Conversion to Jesus Christ implies walking in his footsteps. Catechesis must, therefore, transmit to the disciples the attitudes of the Master himself. The disciples thus undertake a journey of interior transformation, in which, by participating in the paschal mystery of the Lord, “they pass from the old man to the new man who has been made perfect in Christ”. The Sermon on the Mount, in which Jesus takes up the Decalogue, and impresses upon it the spirit of the beatitudes, is an indispensable point of reference for the moral formation which is most necessary today. Evangelization which “involves the proclamation and presentation of morality”, displays all the force of its appeal where it offers not only the proclaimed word but the lived word too. This moral testimony, which is prepared for by catechesis, must always demonstrate the social consequences of the demands of the Gospel. General Directory for Catechesis (85)

  1. Religious Education helps students to develop spiritual resources and skills such as prayer, reflection, and liturgical practice. It nurtures a sacramental outlook on the world that sees creation as sacred and the human as being made in God’s image.

A sacramental outlook invites Catholic educators to develop and nurture their own sacramental consciousness. When Catholic educators live their own lives in appreciation of the goodness of creation and as meaningful and worthwhile, their attitude permeates their interactions in the educational milieu and will encourage a similar outlook in others. The ideal of a Catholic school is to educate its members into a world that is sacred and holy because it is God’s creation. Appreciation for God’s gift finds expression in the attitudes and actions of a school community through liturgy and stewardship. The Religious Dimension of Education in Edmonton Catholic Schools

  1. Religious Education can reduce the temptation for young people to subscribe to extremist religious positions. Much publicity has been given to the recruitment of young people to violent fundamentalist causes. Religious Education promotes values directly opposed to these positions. World Religion courses provide a balanced view of religions, stressing the points of dialogue and inter-faith cooperation.

… There is probably no issue of any greater concern around the world than the rise of religious fundamentalism. Nothing is more dangerous than the radicalised mind and there is nothing worse than the indoctrinated child. We will not, however, defeat such extremism simply by confronting it across battle lines.
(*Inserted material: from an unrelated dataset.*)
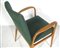 Poltroncina degli anni 1960. Arm chair of 1960s. Legno di faggio e stoffa. Cm 60x87x62. Produzione tedesca.Struttura in legno di faggio rivestita di stoffa verde. Difetti. German work. Shaped beech frame with green fabric. Defects. 1960.

The frontline for winning this battle is education and the school is the place where young minds need to be introduced to the power of critical enquiry. How else will a young person ever grow to be able to make wise choices unless they are allowed access to the widest possible range of knowledge and how else will they learn tolerance unless they are introduced to the wide ranging menu of different ideas that populate the world. The Rt. Rev John Chalmers, Moderator of the Church of Scotland. Moderator says religious education holds the key to defeating extremism. December 30, 2014

  1. Religious Education gives students tools to discern a vocational path. Students from Kindergarten to Grade 12 are developing skills, attitudes, capabilities and knowledge to help them discern and respond to their callings.

Courses in Religious Education clearly support student learning in the areas of personal and interpersonal development and career choices. When taught that the Christian commitment to justice, peace, and the dignity of all can only help to promote the wellbeing of individuals and society as a whole, the student can evaluate his or her career aspirations in relation to the concepts of Christian vocation and discipleship. As well, Family Life strands, by focusing on personhood, relationships, and sexuality complete the students’ self-understanding and in this way complement the Career and Guidance Education presented within secondary school programs. Ontario Catholic Religious Education Curriculum Policy Document, 2006, p. 27.